Simon Zuenelli, The Ancient Legacy of the Byzantine Book Epigram

The second lecture in the online lecture series Speaking From the Margins. DBBE Online Lectures, Fall 2021 Series will be given by Simon Zuenelli (Universität Innsbruck).

Dr Simon Zuenelli is Assistant Professor at Innsbruck University (Austria) and chief editor of the review journal Anzeiger für die Altertumswissenschaft. His research focuses on post-classical Greek poetry. He authored several contributions on Nonnus’ Dionysiaca and is currently preparing a monograph on the ancient Greek book epigram.


As the DBBE effectively shows, the production of book epigrams was indeed a popular phenomenon in the Byzantine Middle Ages. Yet, the book epigram is not a Byzantine invention, but rooted in a long tradition going as far back as the Hellenistic period. The history of the ancient book epigram is currently being investigated in the project “The Ancient Greek Book Epigram”, funded by the Austrian Science Fund and carried out at Innsbruck University. In my paper, I would like to present some of the results gained so far, which can lead to a better understanding of the evolution of the Byzantine book epigram tradition. Accordingly, my paper will highlight the continuity of book epigram production between Antiquity and the Middle Ages.
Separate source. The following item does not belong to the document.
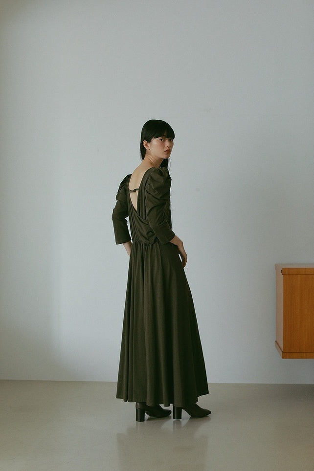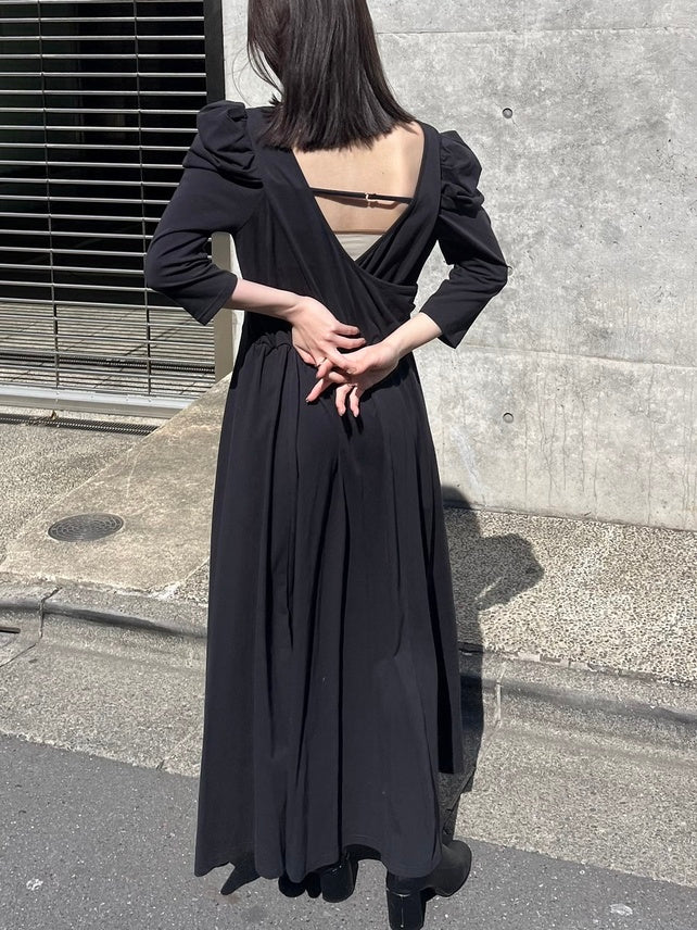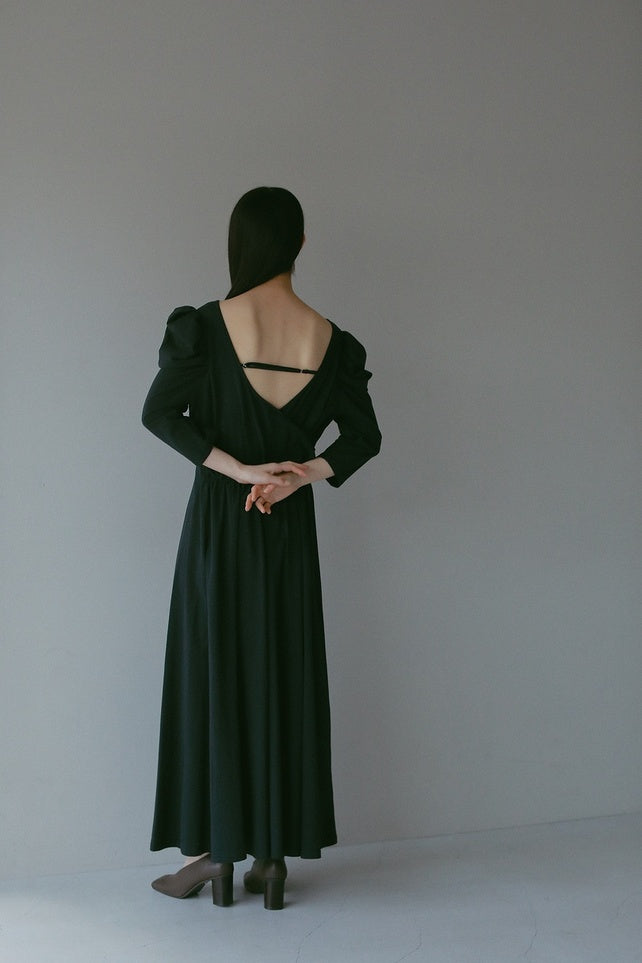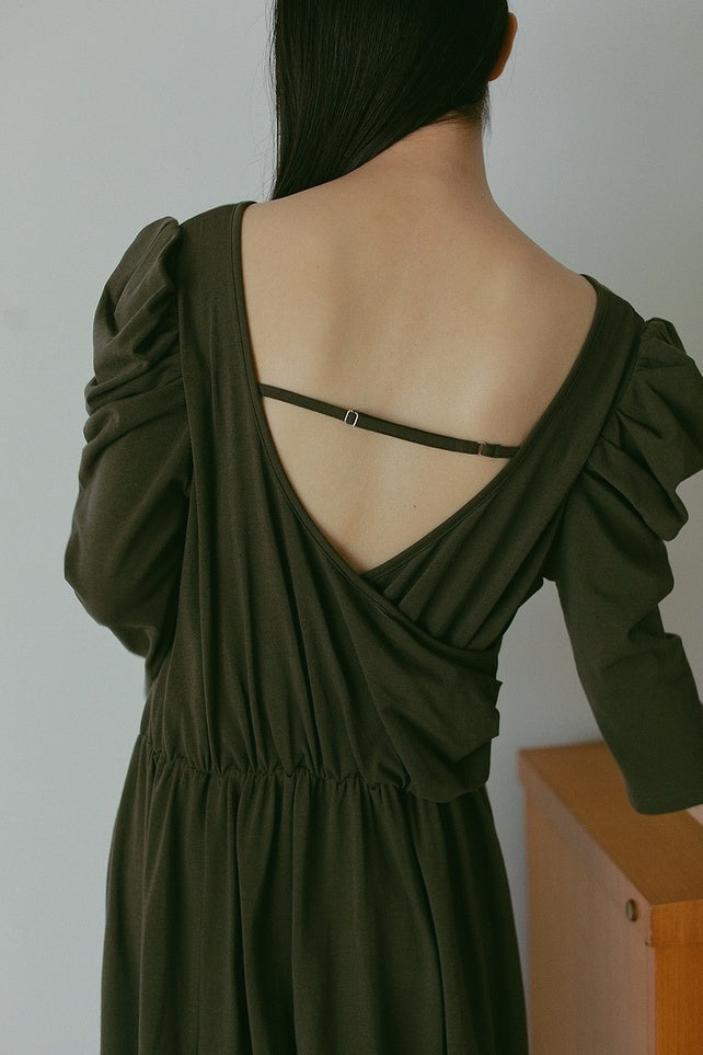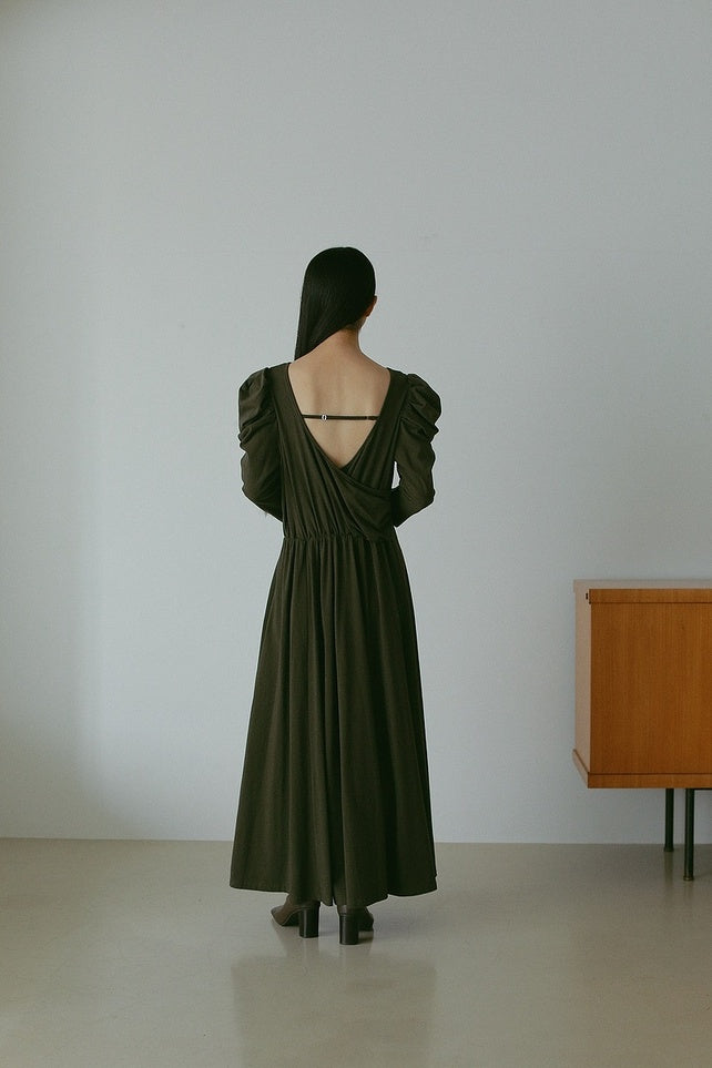 バックデザインをカシュクールにしていて、程よい抜け感があり女性らしい印象に。
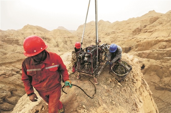 11月7日上午,在北喀山一山顶,伴随着浑厚的号子响彻山谷,一台钻机从另一个山顶用绳索拉了过来。为了取得更准确详实的勘探数据,有些钻井点就在山峰之上,他们只能通过这种原始的方式,人拉肩扛搬运设备。

More specifically, after a brief general introduction to the ancient Greek book epigram, the paper will firstly deal with the continuity on a generic level. To this end, the type of the ancient “scribe-related epigram”, where the aspect of continuity is particularly visible, will be discussed. Secondly, two important issues related to the practice of Byzantine book epigram production will be addressed, namely the question of visual presentation and that of textual fluidity (or textual recycling). Taking P.Lond.Lit 11 as an example, several striking parallels with the ancient book epigram tradition in regards of both phenomena will be presented. This analysis will eventually lead to the general discussion of how to determine the “origin” of single Byzantine book epigrams.

Practical information

Date & time: Tuesday 19 October 2021, 4:00pm (CET)

No registration required. The lecture is freely accessible via Zoom:

  • Meeting ID: 997 6893 8150
  • Passcode: Pk1QAR6S

N.B.: A Zoom account is required to join this meeting. Please make sure to be logged in, using your Zoom credentials.